(Records from a dataset)
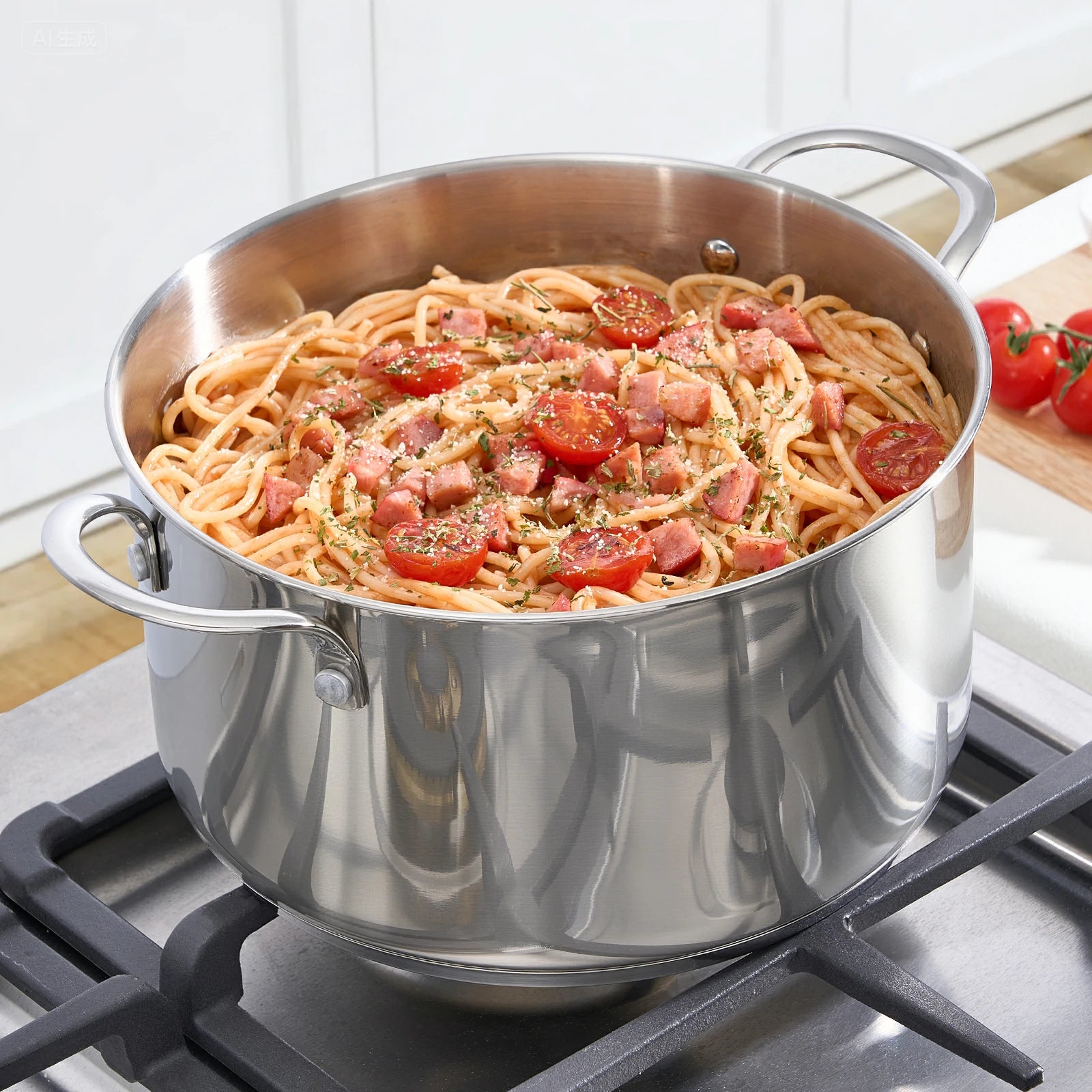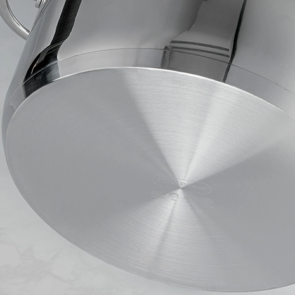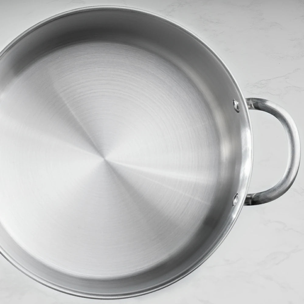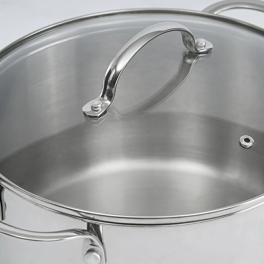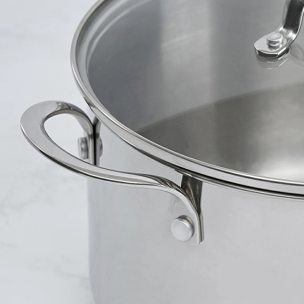 Discover the elegant polished finish of our stainless steel stew pot, adding style to your kitchen.
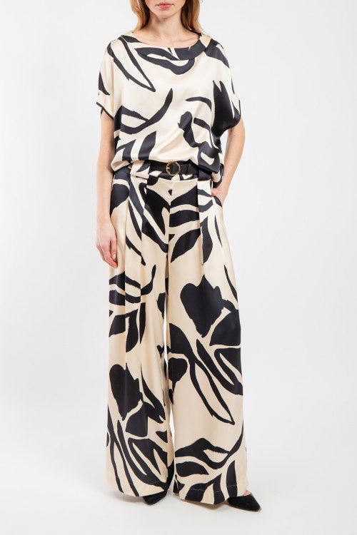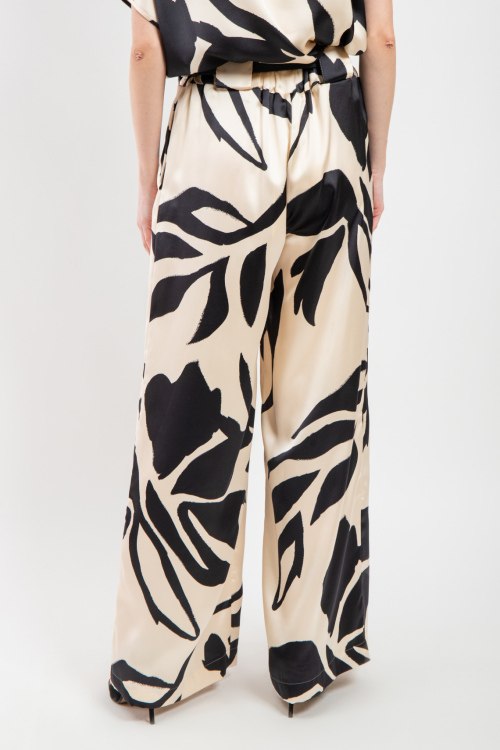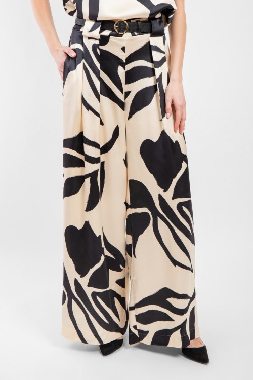 Женские бежевые брюки-палаццо из полиэстера от Kocca (Кокка). Классическая длина, расклешенная модель, высокая посадка, эластичная резинка на поясе, прорезные карманы, дизайн с узором по всей поверхности изделия.
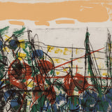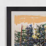 "Le Sablier" is from a small 1979 portfolio published by the illustrious Maeght. This particular work boasts a surprisingly harmonious palette of blue, green, red, yellow, taupe, and peach.
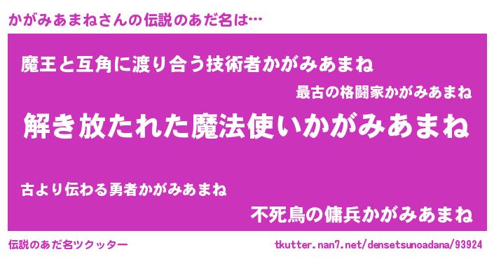 | 意味不明あだ名 | 『とにかく怪しいかがみあまね』 |
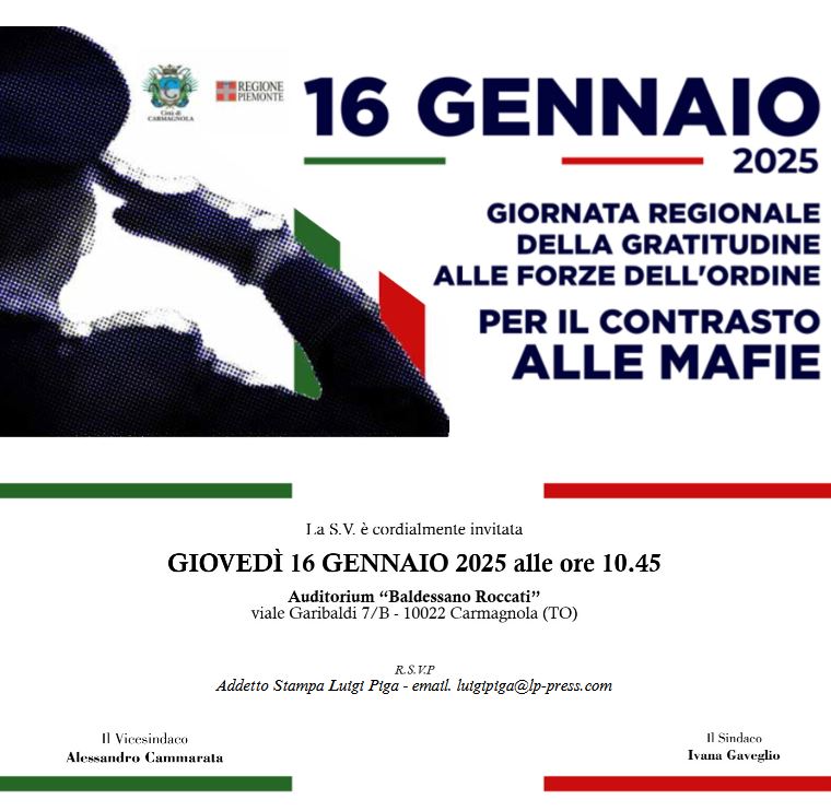 La Città di Carmagnola rinnova il suo impegno nella celebrazione della “Giornata Regionale di gratitudine alle forze dell’ordine per il contrasto alle mafie”, istituita dalla Regione Piemonte per rendere omaggio alle donne e agli uomini che si dedicano con coraggio e determinazione alla lotta contro la criminalità organizzata.

§ **Task brief**: The data needs to be reproduced exactly, please, apart from its pictures.

§ **Exercise result**:
 Discover the elegant polished finish of our stainless steel stew pot, adding style to your kitchen.
 Женские бежевые брюки-палаццо из полиэстера от Kocca (Кокка). Классическая длина, расклешенная модель, высокая посадка, эластичная резинка на поясе, прорезные карманы, дизайн с узором по всей поверхности изделия.
 "Le Sablier" is from a small 1979 portfolio published by the illustrious Maeght. This particular work boasts a surprisingly harmonious palette of blue, green, red, yellow, taupe, and peach.
 | 意味不明あだ名 | 『とにかく怪しいかがみあまね』 |
 La Città di Carmagnola rinnova il suo impegno nella celebrazione della “Giornata Regionale di gratitudine alle forze dell’ordine per il contrasto alle mafie”, istituita dalla Regione Piemonte per rendere omaggio alle donne e agli uomini che si dedicano con coraggio e determinazione alla lotta contro la criminalità organizzata.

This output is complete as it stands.